To do: The answer should hold only the lines from the one containing "Associer le Jasmin" through the one containing "Mrs. Johnson’s ProStart" in the entries below, copied exactly, without pictures.

Material supplied:
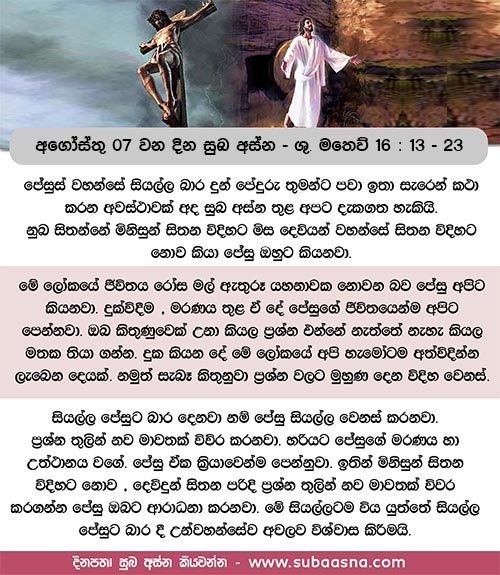 13 ජේසුස් වහන්සේ පිලිප්පි කායිසාරියේ පෙදෙස්වලට පැමිණි කල, ”මනුෂ්ය-පුත්රයාණෝ කවරෙක් ය කියා මිනිස්සු කියත් දැ”යි සිය ශ්රාවකයන්ගෙන් ඇසූ සේක. 14 ඔව්හු කතා කොට, ”සමහරෙක්, ‘ස්නාවක ජොහන් ය’ කියා ද සමහරෙක්, ‘එලියා ය’ කියා ද, අන් සමහරෙක් ‘ජෙරෙමියා නොහොත් දිවැසිවරයන්ගෙන් කෙනෙක් ය’ කියා ද කියති”යි කී හ. 15 ”එහෙත් ඔබ මා කවරෙකු කියා කියන්නහු දැ”යි උන් වහන්සේ ඔවුන්ගෙන් ඇසූ සේක. 16 සීමොන් පේදුරු උත්තර දෙමින්, ”ඔබ ක්රිස්තුවරයාණෝ ය, ජීවමාන දෙවියන් වහන්සේගේ පුත්රයාණෝ ය”යි කී ය. 17 ජේසුස් වහන්සේ උත්තර දෙමින්, ”ජෝනාගේ පුත් සීමොන්, ඔබ ඉතා භාග්යවන්ත ය. මන්ද, ස්වර්ගයෙහි වැඩවසන මාගේ පියාණන් වහන්සේ විසින් මිස මනුෂ්ය මඟකින් මෙය ඔබට එළිදරව් නොකරන ලද්දේ ය. 18 මම ඔබට කියමි: ඔබ පේදුරු ය. මේ පර්වතය පිට මාගේ සභාව ගොඩනඟන්නෙමි. පාතාලයේ දොරටුවලට වුව ද, එය පරාජය නොකළ හැකි ය. 19 ස්වර්ග රාජ්යයේ යතුරු ඔබට දෙන්නෙමි. ඔබ පොළොවෙහි දී යමක් බඳින්නෙහි ද, එය ස්වර්ගයෙහි දී බඳිනු ලබන්නේ ය. ඔබ පොළොවෙහි දී යමක් මුදන්නෙහි ද එය ස්වර්ගයෙහි දී මුදනු ලබන්නේ ය”යි වදාළ සේක. 20 තවද, තමන් ක්රිස්තුන් වහන්සේ බව කිසිවෙකුට නොකියන ලෙස උන් වහන්සේ ශ්රාවකයන්ට අණ දුන් සේක. 21 එවක් පටන් ජේසුස් වහන්සේ, තමන් ජෙරුසලමට වැඩම කර, ප්රජා මූලිකයන්ගෙන් හා නායක පූජකයන්ගෙන් ද විනයධරයන්ගෙන් ද බොහෝ දුක් වේදනා විඳින්ටත් මරනු ලබන්ටත්, තුන් වන දා උත්ථාන කරනු ලබන්ටත් යන බව සිය ශ්රාවකයන්ට දන්වන්න පටන්ගත් සේක. 22 එවිට පේදුරු උන් වහන්සේ පැත්තකට කැඳවා තරවටු කරන්න පටන් ගෙන, ”ස්වාමීනි, එය දුරින් ම දුරුවේ වා! එවැන්නක් ඔබට කවදාවත් සිදු නො වේ වා”යි කී ය. 23 එහෙත්, උන් වහන්සේ හැරී, පේදුරුට කතා කොට, ”සාතන්, අහකට යව; නුඹ මට බාධාවකි; නුඹ සිතන්නේ මිනිසුන් සිතන විධියට මිස දෙවියන් වහන්සේ සිතන විධියට නොවේ ය”යි වදාළ සේක.
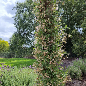 Associer le Jasmin étoilé 'Star of Milano'® avec d’autres plantes permet de créer des compositions harmonieuses et esthétiques dans votre jardin. Vous pouvez le planter aux côtés de plantes vivaces à port buissonnant comme les lavandes ou les santolines, qui masqueront agréablement les pieds du jasmin tout en conservant de la fraîcheur. Des agapanthes bleues ou blanches en association avec le jasmin étoilé peuvent également créer un contraste intéressant et élégant. Sur une pergola , intercaler le jasmin avec des clématites ou des passiflores pour varier les floraisons et profiter de l’exubérance de ces plantes grimpantes.
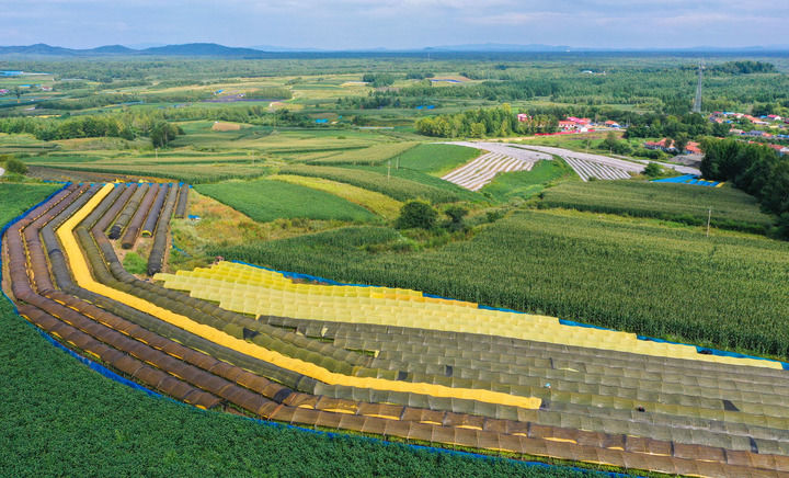 在吉林省抚松县万良镇大方村旁拍摄的人参种植大棚(无人机照片)。 新华社记者 许畅 摄
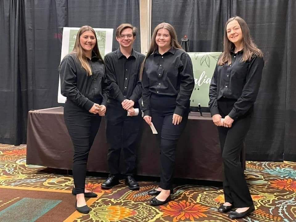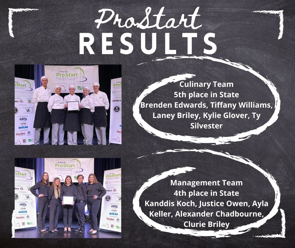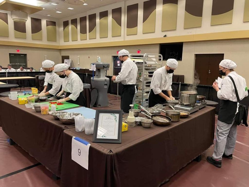 Mrs. Johnson’s ProStart students left Thursday morning for a competition in Springfield. While there, the management team presented their restaurant plan to judges and were interviewed by a panel of judges. The culinary team cooked a meal while judges watched. As of 12:45, all competitions are complete and now we wait for results.
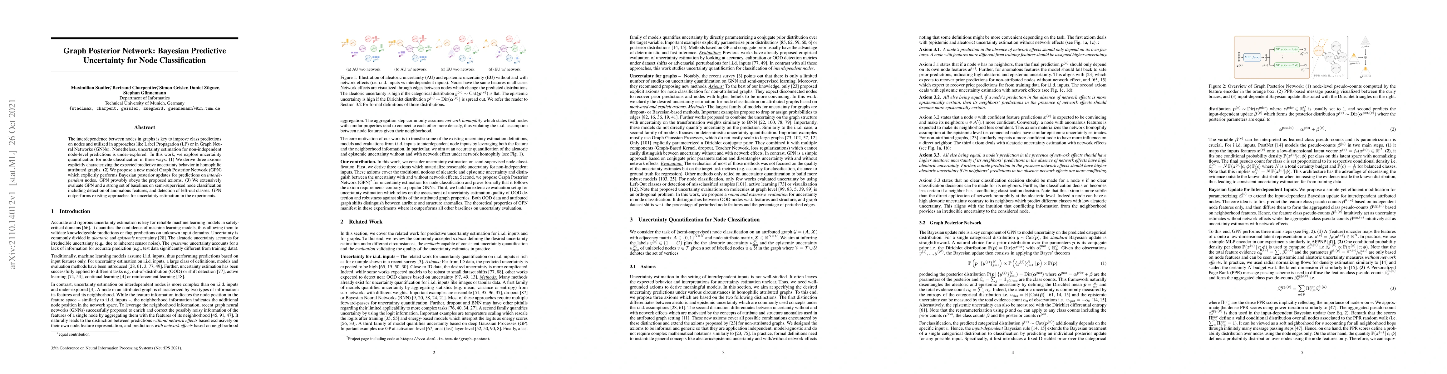 The interdependence between nodes in graphs is key to improve class predictions on nodes and utilized in approaches like Label Propagation (LP) or in Graph Neural Networks (GNN). Nonetheless, uncertainty estimation for non-independent node-level predictions is under-explored. In this work, we explore uncertainty quantification for node classification in three ways: (1) We derive three axioms explicitly characterizing the expected predictive uncertainty behavior in homophilic attributed graphs. (2) We propose a new model Graph Posterior Network (GPN) which explicitly performs Bayesian posterior updates for predictions on interdependent nodes. GPN provably obeys the proposed axioms. (3) We extensively evaluate GPN and a strong set of baselines on semi-supervised node classification including detection of anomalous features, and detection of left-out classes. GPN outperforms existing approaches for uncertainty estimation in the experiments.

Solution for this task:
 Associer le Jasmin étoilé 'Star of Milano'® avec d’autres plantes permet de créer des compositions harmonieuses et esthétiques dans votre jardin. Vous pouvez le planter aux côtés de plantes vivaces à port buissonnant comme les lavandes ou les santolines, qui masqueront agréablement les pieds du jasmin tout en conservant de la fraîcheur. Des agapanthes bleues ou blanches en association avec le jasmin étoilé peuvent également créer un contraste intéressant et élégant. Sur une pergola , intercaler le jasmin avec des clématites ou des passiflores pour varier les floraisons et profiter de l’exubérance de ces plantes grimpantes.
 在吉林省抚松县万良镇大方村旁拍摄的人参种植大棚(无人机照片)。 新华社记者 许畅 摄
 Mrs. Johnson’s ProStart students left Thursday morning for a competition in Springfield. While there, the management team presented their restaurant plan to judges and were interviewed by a panel of judges. The culinary team cooked a meal while judges watched. As of 12:45, all competitions are complete and now we wait for results.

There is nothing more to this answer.